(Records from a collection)

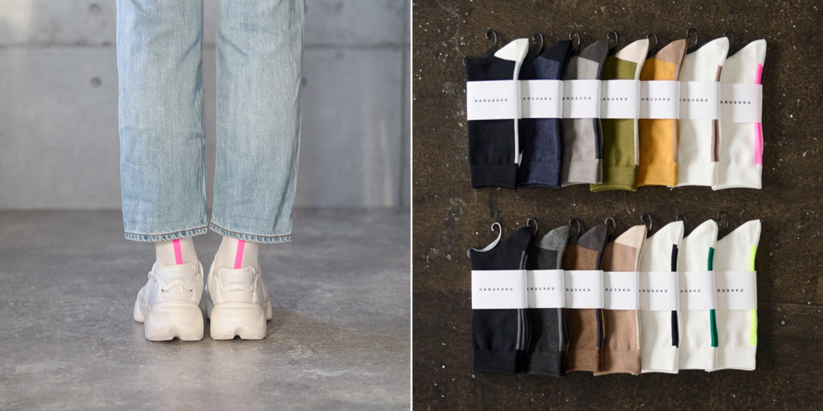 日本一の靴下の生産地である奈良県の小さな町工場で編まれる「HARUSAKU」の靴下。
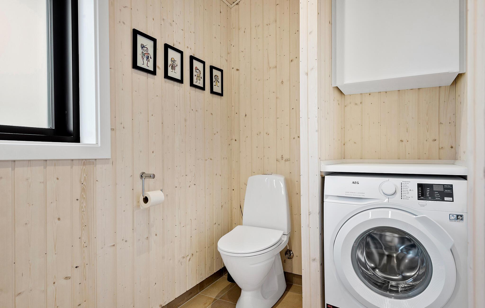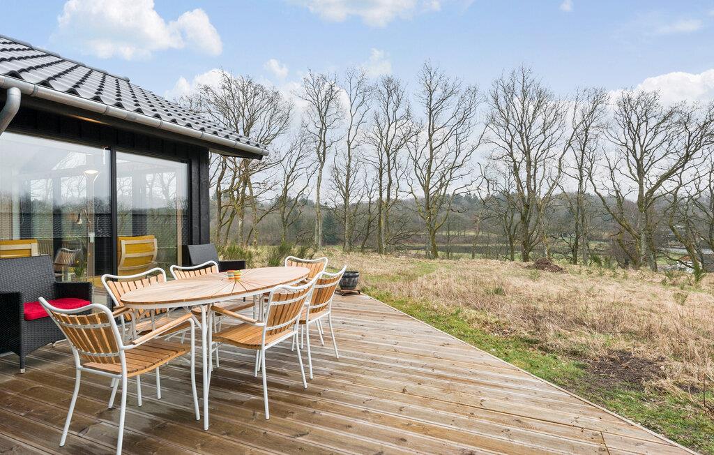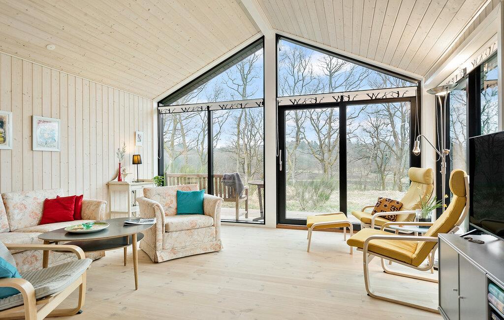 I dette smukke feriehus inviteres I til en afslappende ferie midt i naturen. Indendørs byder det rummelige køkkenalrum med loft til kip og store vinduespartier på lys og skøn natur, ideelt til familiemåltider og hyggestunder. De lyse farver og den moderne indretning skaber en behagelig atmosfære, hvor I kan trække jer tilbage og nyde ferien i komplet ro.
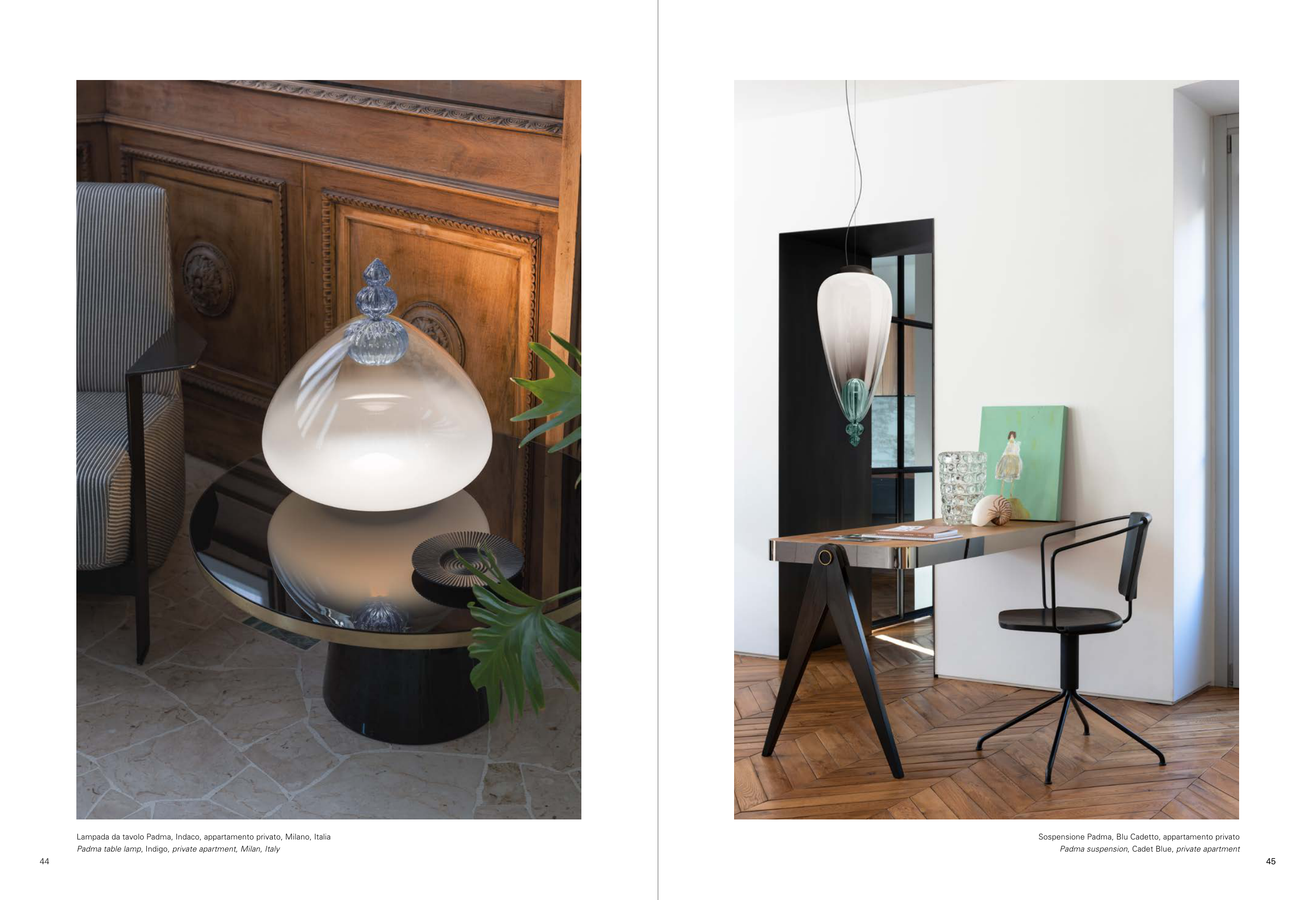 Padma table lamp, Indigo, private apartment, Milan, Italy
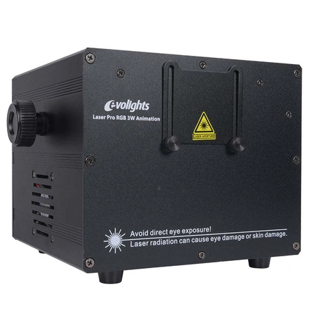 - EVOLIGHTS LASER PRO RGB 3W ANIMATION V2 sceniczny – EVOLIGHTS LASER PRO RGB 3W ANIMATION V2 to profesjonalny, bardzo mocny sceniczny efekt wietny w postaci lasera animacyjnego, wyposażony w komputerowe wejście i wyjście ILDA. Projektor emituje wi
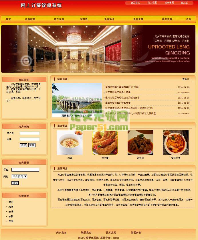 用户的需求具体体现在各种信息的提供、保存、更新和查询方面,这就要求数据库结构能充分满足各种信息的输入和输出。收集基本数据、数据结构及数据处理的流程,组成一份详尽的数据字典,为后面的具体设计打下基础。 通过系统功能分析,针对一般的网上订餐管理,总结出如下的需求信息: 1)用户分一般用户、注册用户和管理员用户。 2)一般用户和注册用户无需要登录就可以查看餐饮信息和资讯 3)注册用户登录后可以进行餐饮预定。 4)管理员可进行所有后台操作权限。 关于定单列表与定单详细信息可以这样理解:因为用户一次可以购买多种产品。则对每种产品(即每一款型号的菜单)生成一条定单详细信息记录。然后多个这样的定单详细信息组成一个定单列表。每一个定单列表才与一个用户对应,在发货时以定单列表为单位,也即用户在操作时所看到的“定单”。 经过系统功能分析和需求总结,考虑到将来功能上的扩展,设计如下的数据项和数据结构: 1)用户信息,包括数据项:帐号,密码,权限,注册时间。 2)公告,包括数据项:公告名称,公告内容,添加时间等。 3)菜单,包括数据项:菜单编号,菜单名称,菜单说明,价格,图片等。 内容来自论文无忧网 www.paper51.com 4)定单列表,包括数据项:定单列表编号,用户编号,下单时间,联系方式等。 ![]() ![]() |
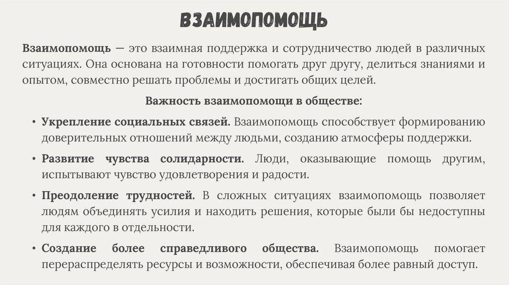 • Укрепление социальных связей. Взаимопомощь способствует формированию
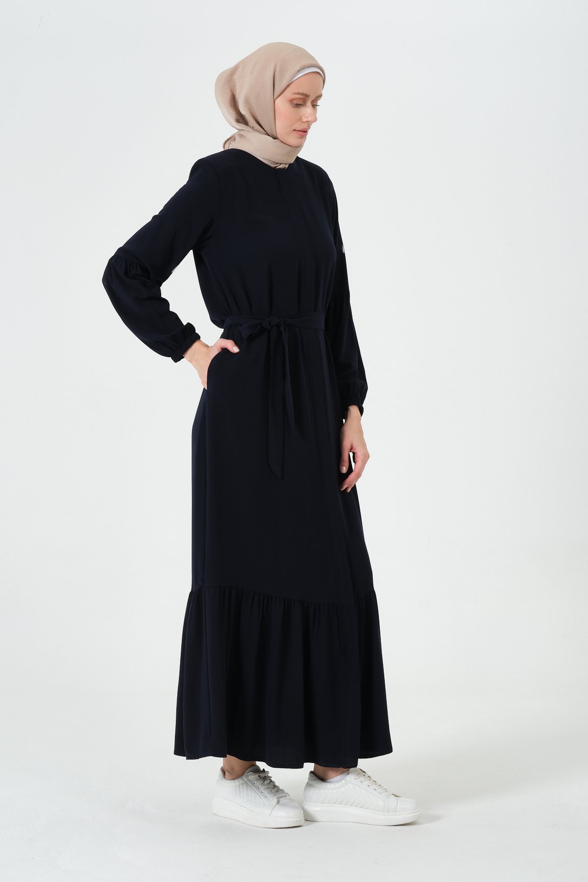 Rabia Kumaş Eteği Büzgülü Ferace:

ASSIGNMENT: Leave out the pictures, and retype exactly the lines from the one containing "- EVOLIGHTS LASER" through the final line of the data.

RESPONSE BOX:
 - EVOLIGHTS LASER PRO RGB 3W ANIMATION V2 sceniczny – EVOLIGHTS LASER PRO RGB 3W ANIMATION V2 to profesjonalny, bardzo mocny sceniczny efekt wietny w postaci lasera animacyjnego, wyposażony w komputerowe wejście i wyjście ILDA. Projektor emituje wi
 用户的需求具体体现在各种信息的提供、保存、更新和查询方面,这就要求数据库结构能充分满足各种信息的输入和输出。收集基本数据、数据结构及数据处理的流程,组成一份详尽的数据字典,为后面的具体设计打下基础。 通过系统功能分析,针对一般的网上订餐管理,总结出如下的需求信息: 1)用户分一般用户、注册用户和管理员用户。 2)一般用户和注册用户无需要登录就可以查看餐饮信息和资讯 3)注册用户登录后可以进行餐饮预定。 4)管理员可进行所有后台操作权限。 关于定单列表与定单详细信息可以这样理解:因为用户一次可以购买多种产品。则对每种产品(即每一款型号的菜单)生成一条定单详细信息记录。然后多个这样的定单详细信息组成一个定单列表。每一个定单列表才与一个用户对应,在发货时以定单列表为单位,也即用户在操作时所看到的“定单”。 经过系统功能分析和需求总结,考虑到将来功能上的扩展,设计如下的数据项和数据结构: 1)用户信息,包括数据项:帐号,密码,权限,注册时间。 2)公告,包括数据项:公告名称,公告内容,添加时间等。 3)菜单,包括数据项:菜单编号,菜单名称,菜单说明,价格,图片等。 内容来自论文无忧网 www.paper51.com 4)定单列表,包括数据项:定单列表编号,用户编号,下单时间,联系方式等。 ![]() ![]() |
 • Укрепление социальных связей. Взаимопомощь способствует формированию
 Rabia Kumaş Eteği Büzgülü Ferace:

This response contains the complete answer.